Table 4 Associations between \(\hbox {gVLM}_B\) as biomarker of flavan-3-ol intake and CVD incidence and CVD and all-cause mortality.


In participants of EPIC-Norfolk, a large cohort representative of the older general public in England31, high flavan-3-ol intake was associated with a significantly lower systolic and diastolic blood pressure and was inversely associated with blood lipids. We did not observe consistent, statistically significant associations between biomarkers of flavan-3-ol intake and CVD incidence or mortality.

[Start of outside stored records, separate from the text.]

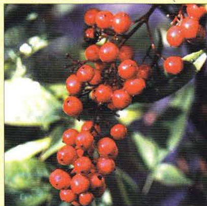
Bessen van Nandina.

Kunnen we het hele jaar snoeien in onze Japanse tuin, bemesten doen we meestal uitsluitend aan het begin van het groeiseizoen. In een Japanse tuin met mos moet goed worden opgepast met bemesting, want mos kan er in het geheel niet tegen. De betreffende stukken overslaan. Zelf ben ik een groot voorstander van organische mest, zoals compost en wormenmest, die de meeste planten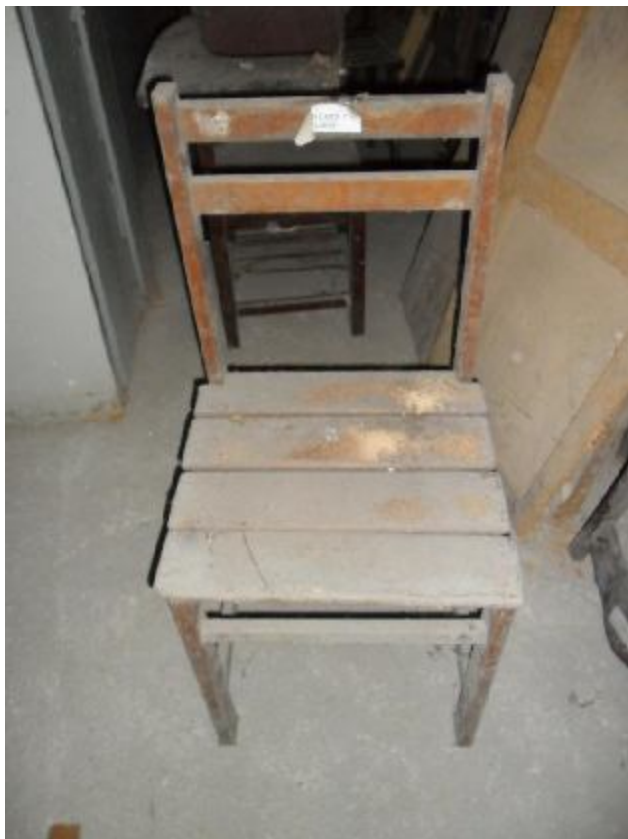
Lote 349 - SEM NÚMERO 148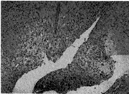
그림5. 25배 확대된 조직소견

진단되었다.(그림 3,4,5) 그러나 술후 2개월 후에 병소가 재발되어 재내원하였다.(그림 6) 재발의 원인을 고려해 봤을 때 병소하부치조골의 불안정한 제거로 판단되어 병소하부치조골의 완전한 제거를 포함한 종물의 절제술을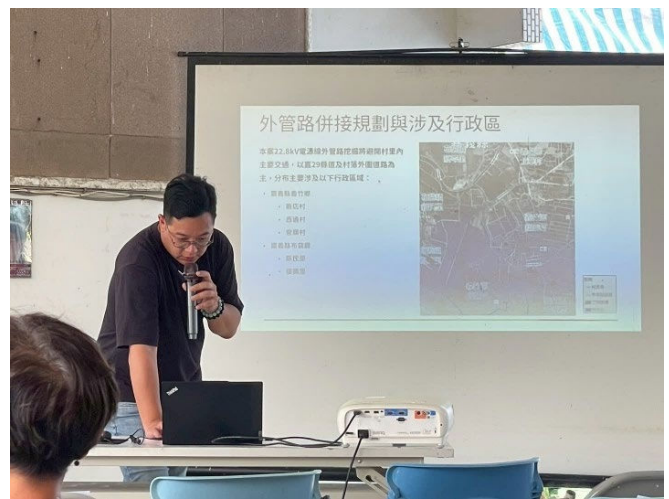
圖四、案場規劃及工法說明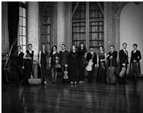
Holland Baroque

vr 30.10.15 / 20.00 / Concertzaal Cappella Mediterranea / Amore Siciliano 'Bella donna crudel ... viva la morte!' Aan passie schort het niet op het Sicilië van Leonardo García Alarcón. Verrukkelijke volksliederen, die perfect smaken naast verleidelijke liefdesmadrigalen van barokke Italianen als Scarlatti en D'India en de zelden gehoorde Siciliaan Cataldo Amodei. Oude muziek op z'n levendigst!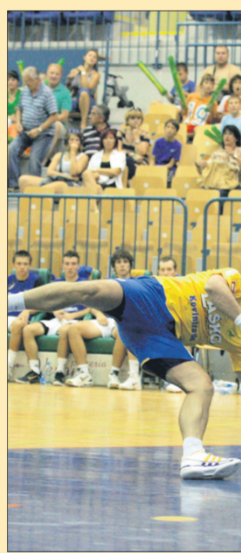
Celjskim rokometnašem je veliko pre Perič zbral 21 obramb ... Na fotogra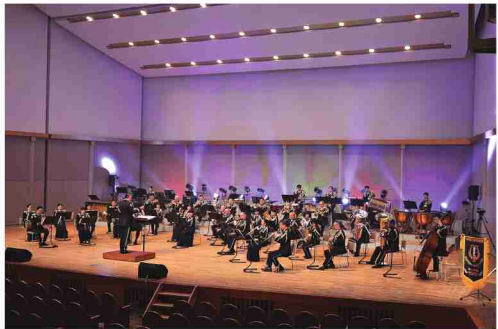
迫力の演奏を披露する東方音

This study was enabled by recently developed nutritional biomarkers, \(\hbox {gVLM}_B\) and \(\hbox {SREM}_B\), that allow for estimating specifically the intake of flavan-3-ols. We have shown previously that \(\hbox {gVLM}_B\) and \(\hbox {SREM}_B\) reflect actual intake of flavan-3-ols and (–)-epicatechin respectively, yet importantly here we found only a weak correlation between biomarker and self-reported food intake27,28. This finding strongly supports our previous findings of the impact of the high variability in food composition on self-reported dietary assessment methods23. The high variability in food composition of many of the main sources of dietary flavan-3-ol make an accurate estimate without an analysis of the actual food consumed virtually impossible. For example, food composition data20 for black tea give a range of flavan-3-ol content of 3–64 mg/100 mL, and thus five cups of tea can contain between 23 and 480 mg of flavan-3-ols. Thus, a person consuming a single cup of tea with high flavan-3-ol content consumes considerably more flavan-3-ols than a person consuming five cups of tea with low flavan-3-ol content. A wide variability in food composition has been reported for other foods, too. Indeed, even for foods grown on the self-same plant, up to 2.5-fold differences for some nutrients have been observed32. In contrast, the objective nutritional biomarkers used in this study take into account the diversity in the foods consumed and differences in bioavailability as they rely on the systemic presence of the respective compounds. The inclusion of the main dietary sources of flavan-3-ols and (–)-epicatechin in our statistical models (i.e. tea as well as fruit and vegetables22) did not affect outcomes (Table 2, models 3 and 5), which strongly supports the notion that the data provided by the nutritional biomarkers is related to the actual intake of bioactive compound and does not just reflect dietary patterns.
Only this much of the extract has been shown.